[INFORMATION SUPPLIED — start]

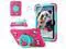 for iPad (A16) 11th Generation Case Kids, iPad 10th Generation with Screen Protector, Rugged Protective Cartoon 3D Panda Warrior Cover with Rotating Stand/Strap/Pen Slot for Kids Teens (Rose+Mint)
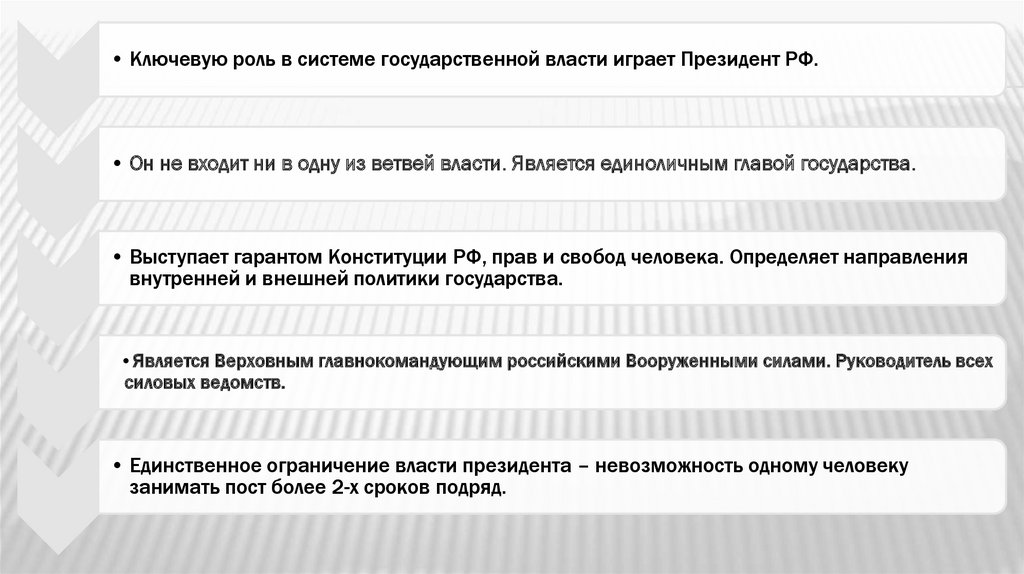 • Ключевую роль в системе государственной власти играет Президент РФ.• Он не входит ни в одну из ветвей власти. Является единоличным главой государства.
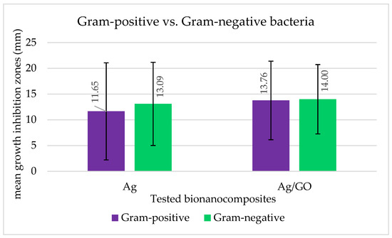 Statistical analysis of the results showed that the differences in the growth inhibition between the Hyal/Ag and Hyal/Ag/GO, as well as between Gram-positive and Gram-negative bacteria, were statistically not significant (p < 0.05). This is probably due to the very distinct differences in the effectiveness of the bionanocomposites against individual groups of bacteria (which were, on the other hand, statistically significant, p < 0.05; Supplementary Table S2).

[INFORMATION SUPPLIED — finish]

▶ [TASK REQUIREMENTS]: The material shown above is to be repeated verbatim, and its pictures are to be omitted.

▶ [ANSWER TO THIS TASK]:
 for iPad (A16) 11th Generation Case Kids, iPad 10th Generation with Screen Protector, Rugged Protective Cartoon 3D Panda Warrior Cover with Rotating Stand/Strap/Pen Slot for Kids Teens (Rose+Mint)
 • Ключевую роль в системе государственной власти играет Президент РФ.• Он не входит ни в одну из ветвей власти. Является единоличным главой государства.
 Statistical analysis of the results showed that the differences in the growth inhibition between the Hyal/Ag and Hyal/Ag/GO, as well as between Gram-positive and Gram-negative bacteria, were statistically not significant (p < 0.05). This is probably due to the very distinct differences in the effectiveness of the bionanocomposites against individual groups of bacteria (which were, on the other hand, statistically significant, p < 0.05; Supplementary Table S2).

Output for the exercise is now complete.